PROVIDED INFORMATION:
== Segment start ==

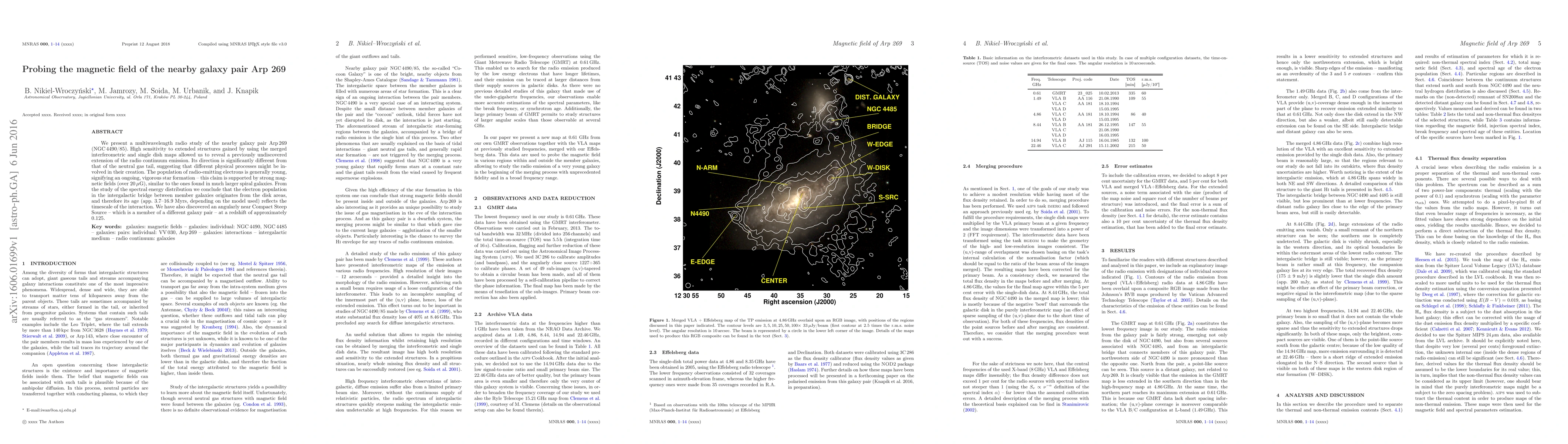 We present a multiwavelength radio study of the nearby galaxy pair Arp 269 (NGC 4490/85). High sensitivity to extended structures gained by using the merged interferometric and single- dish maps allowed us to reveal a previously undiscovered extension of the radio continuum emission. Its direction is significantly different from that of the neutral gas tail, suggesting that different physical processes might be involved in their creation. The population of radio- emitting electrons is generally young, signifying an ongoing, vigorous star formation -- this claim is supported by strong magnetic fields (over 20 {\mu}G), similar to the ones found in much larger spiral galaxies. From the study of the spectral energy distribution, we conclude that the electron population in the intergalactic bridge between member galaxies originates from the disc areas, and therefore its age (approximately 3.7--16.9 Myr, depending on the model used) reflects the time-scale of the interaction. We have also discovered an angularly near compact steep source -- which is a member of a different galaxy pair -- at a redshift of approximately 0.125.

== Segment end ==
== Segment start ==

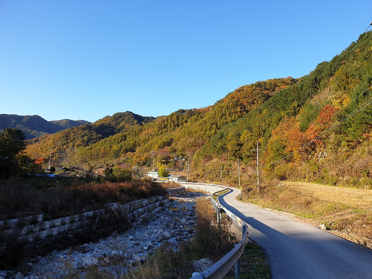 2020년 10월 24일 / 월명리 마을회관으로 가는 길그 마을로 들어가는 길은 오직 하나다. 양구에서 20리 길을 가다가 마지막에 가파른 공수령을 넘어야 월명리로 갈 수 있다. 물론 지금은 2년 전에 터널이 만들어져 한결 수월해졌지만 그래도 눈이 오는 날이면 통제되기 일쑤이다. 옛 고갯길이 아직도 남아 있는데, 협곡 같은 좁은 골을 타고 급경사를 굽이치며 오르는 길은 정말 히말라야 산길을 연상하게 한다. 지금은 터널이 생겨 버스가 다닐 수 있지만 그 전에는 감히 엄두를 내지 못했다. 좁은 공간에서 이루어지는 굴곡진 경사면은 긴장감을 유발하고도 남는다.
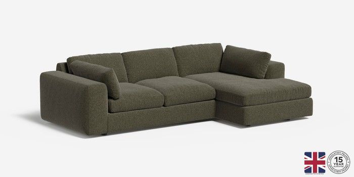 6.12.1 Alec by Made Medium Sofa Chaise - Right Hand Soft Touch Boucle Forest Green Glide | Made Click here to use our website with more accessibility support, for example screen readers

== Segment end ==

WHAT IS NEEDED: Print everything from the line with "2020년 10월 24일" down to the line with "6.12.1 Alec by" in the entries above, both lines included and nothing more, without the pictures.

YOUR RESPONSE:
 2020년 10월 24일 / 월명리 마을회관으로 가는 길그 마을로 들어가는 길은 오직 하나다. 양구에서 20리 길을 가다가 마지막에 가파른 공수령을 넘어야 월명리로 갈 수 있다. 물론 지금은 2년 전에 터널이 만들어져 한결 수월해졌지만 그래도 눈이 오는 날이면 통제되기 일쑤이다. 옛 고갯길이 아직도 남아 있는데, 협곡 같은 좁은 골을 타고 급경사를 굽이치며 오르는 길은 정말 히말라야 산길을 연상하게 한다. 지금은 터널이 생겨 버스가 다닐 수 있지만 그 전에는 감히 엄두를 내지 못했다. 좁은 공간에서 이루어지는 굴곡진 경사면은 긴장감을 유발하고도 남는다.
 6.12.1 Alec by Made Medium Sofa Chaise - Right Hand Soft Touch Boucle Forest Green Glide | Made Click here to use our website with more accessibility support, for example screen readers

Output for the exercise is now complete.